An IV drips into her veins. The machine behind her head announces the beep beep beep of her pulse. Tulips wilt next to her.

She’s waiting for me to say something.

I don’t know what to say.

At first, I stumble. I say things like “I’m glad you’re okay” and “How’s the food?” and “When will you get out of here?”

She gives me stilted answers like “Yeah, me too” and “Sucks big-time” and “Not for a few weeks, probably, I don’t know.”

I don’t know what to say.

So finally, I say this:

“I’m horribly pissed at you for doing what you did.”

Evelyn turns her empty eyes to look at me. It’s the first time she’s looking at me.

“Thanks,” she says. “Real nice. Way to get mad at a sick person.”

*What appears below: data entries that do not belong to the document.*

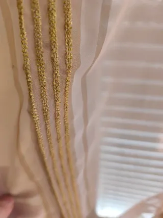 Dos paneles de cortina visillo con un diseño elegante y sutil. Ancho 135cm cada panel Altura 240cm y 8 cm del colgador - Color: beige y blanco. - Material: tela.
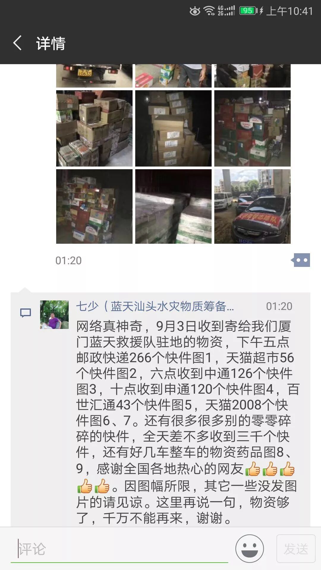这是刚清空的大本营,晚上11点,又收到物流车配送来的1千多个包裹的爱心物资。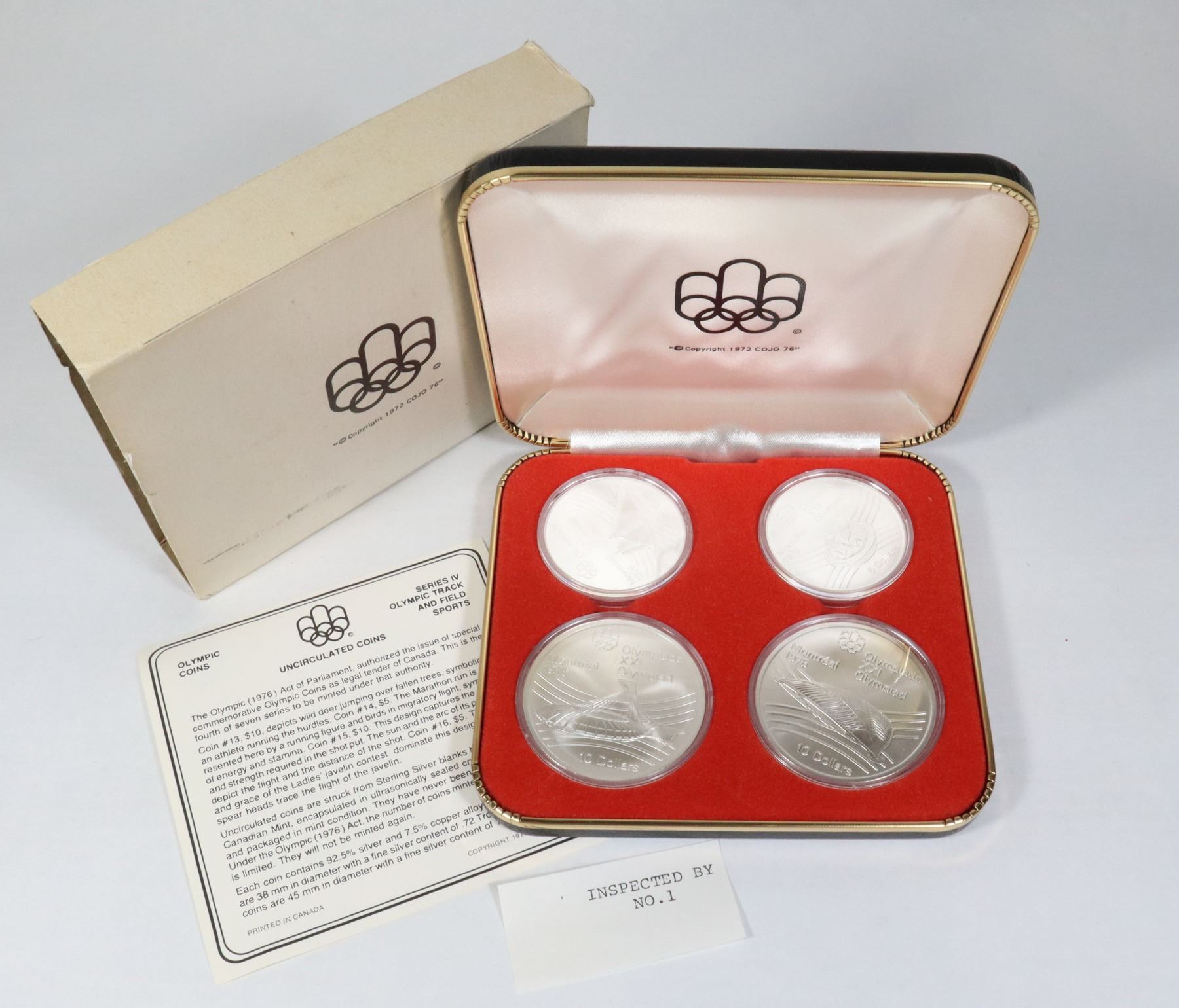 SET 4 COINS $5 + $10 COINS CASED CANADA TRACK & FIELD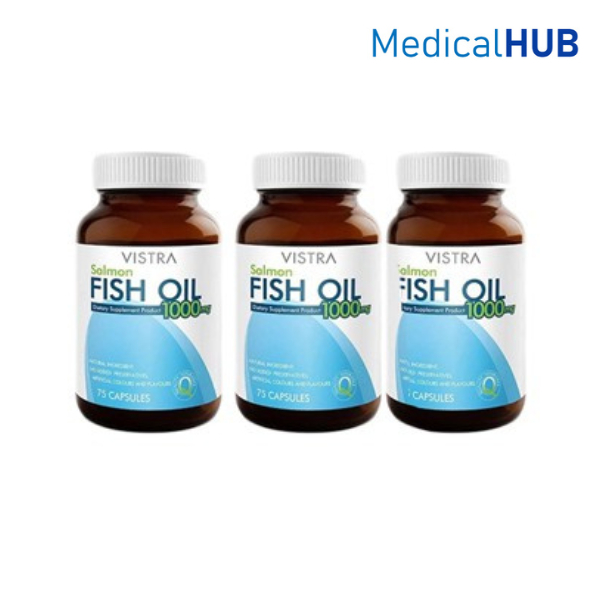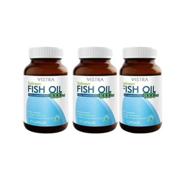 Vistra Salmon Fish Oil 1000 mg วิสทร้า น้ำมันปลาแซลมอน 1000 มก ขนาด 75 เม็ด จำนวน 3 ขวด (3X13069)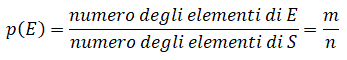 Indicando con m il numero degli elementi di E ed n il numero degli elementi dello spazio campione S, possiamo anche dire che m è il numero degli esiti favorevoli all'evento e n è il numero degli esiti possibili e in base alla definizione si ha: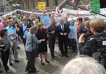Der Bundesgesundheitsminister war kurzfristig als Gast bei der Konferenz anwesend. Inmitten des durch die Nabelschnur gerahmten Platzes nahm er nun auch endlich die von Bianca Kasting gesammelten 424.000 Change.org-Unterschriften für den Erhalt der Hebammenbegleitung offiziell entgegen. Vom Deutschen Hebammenverband, die Demo und Kundgebung organisiert hatte, bekam Herr Minister Gröhe zudem eine Landkarte der Unterversorgung überreicht. Darauf wird deutlich, dass überall Hebammen fehlen. Geburtsstationen und Geburtshäuser schließen und oft finden Frauen keine Beleghebamme mehr - es betrifft schon jetzt neben den ländlichen Bereichen auch immer mehr Städte.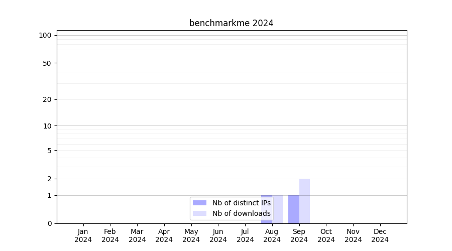 Number of downloads for experiment package benchmarkme, year by year, from 2025 back to 2014 (years with no downloads are omitted):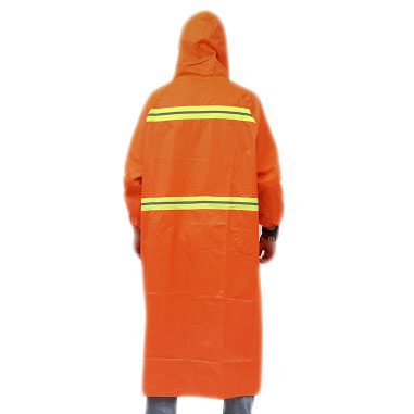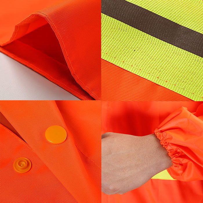 套頭反光工作雨衣:扣鈕式門襟,方便穿戴,雨衣主體車縫了夜間高亮反光條,可以訂製單條反光條或者雙反光條。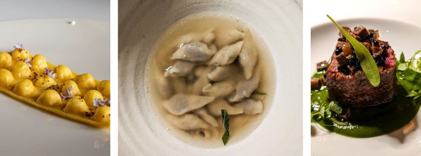 La Val Tidone entra nei piatti anche attraverso l’orto di proprietà e le stagioni: radici, erbette spontanee, verdure antiche, legumi, cereali e frutta definiscono una cucina vegetale che nasce dal luogo e dal suo ritmo naturale in una sorta di foraging ante litteram.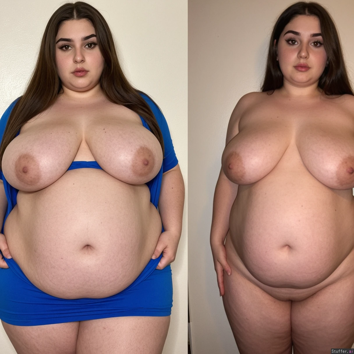 Brunette Armenian supermodel, sexy instagram model face, beautiful face, 21 years old, super huge pregnant stuffed overfilled belly, full body view, very plump lips, erected nipples, dark eyeliner, nude boobs, huge areola and nipples Bigger hips weight gain, fuller breast weight gain, tighter dress, bigger hips weight gain, wider body weight gain, huge weight gain, ((((fatter hips weight gain))))1.9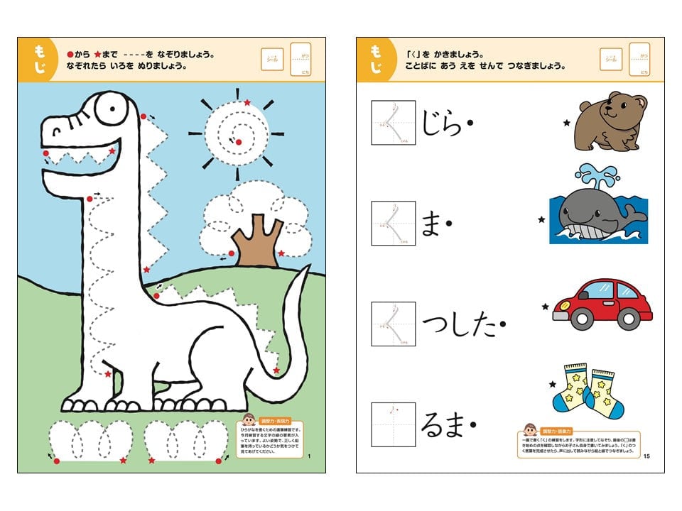 ひらがなの書き練習は一筆書きの文字から始まるので、無理なく身につけることができます。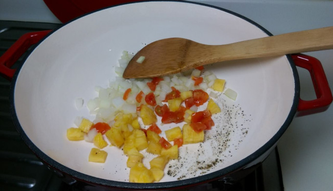 熱鍋加入少許植物油,加入黑胡椒炒香,並且放入3-6材料拌炒

“That’s not what I mean.” I stumble again. I want to get this right. I need to get this right.

I reach into my bag and pull out my mom’s letter. I unfold it. It’s crinkled and worn from me opening and closing it so much. Besides Liss, I haven’t shown it to anyone else, not even my dad.

I hand it to Evelyn. I let her read it.

She looks back at me, her eyes wide and empty, her skin tight and pale. “What does this have to do with me?”

“My mom charged me with this directive to do everything she didn’t do, and I’m sort of pissed at her, too, for not doing it herself. She could have done it. She could have controlled her sugar and eaten right and walked more like she said she was going to, but she never did. Instead, she let herself gain weight and she didn’t control her sugar and then she left my dad and me with the final decision to let her go. There’s this 0.0001 percent chance that she could have fought the sepsis and maybe woken up and maybe lived to still be my mother, but she had signed these papers saying that if there seemed to be no chance of her living a healthy life that we should pull the plug. And it was supposed to be my dad’s decision. He had power of attorney. But he froze. He was lost and sad and he didn’t really understand, maybe, you know, everything that was happening, everything the doctors were saying. He looked at me and he said, ‘What do you want to do?’ He made me decide. I was sixteen. Fucking sixteen. I shouldn’t have had to decide whether my mother lives or dies.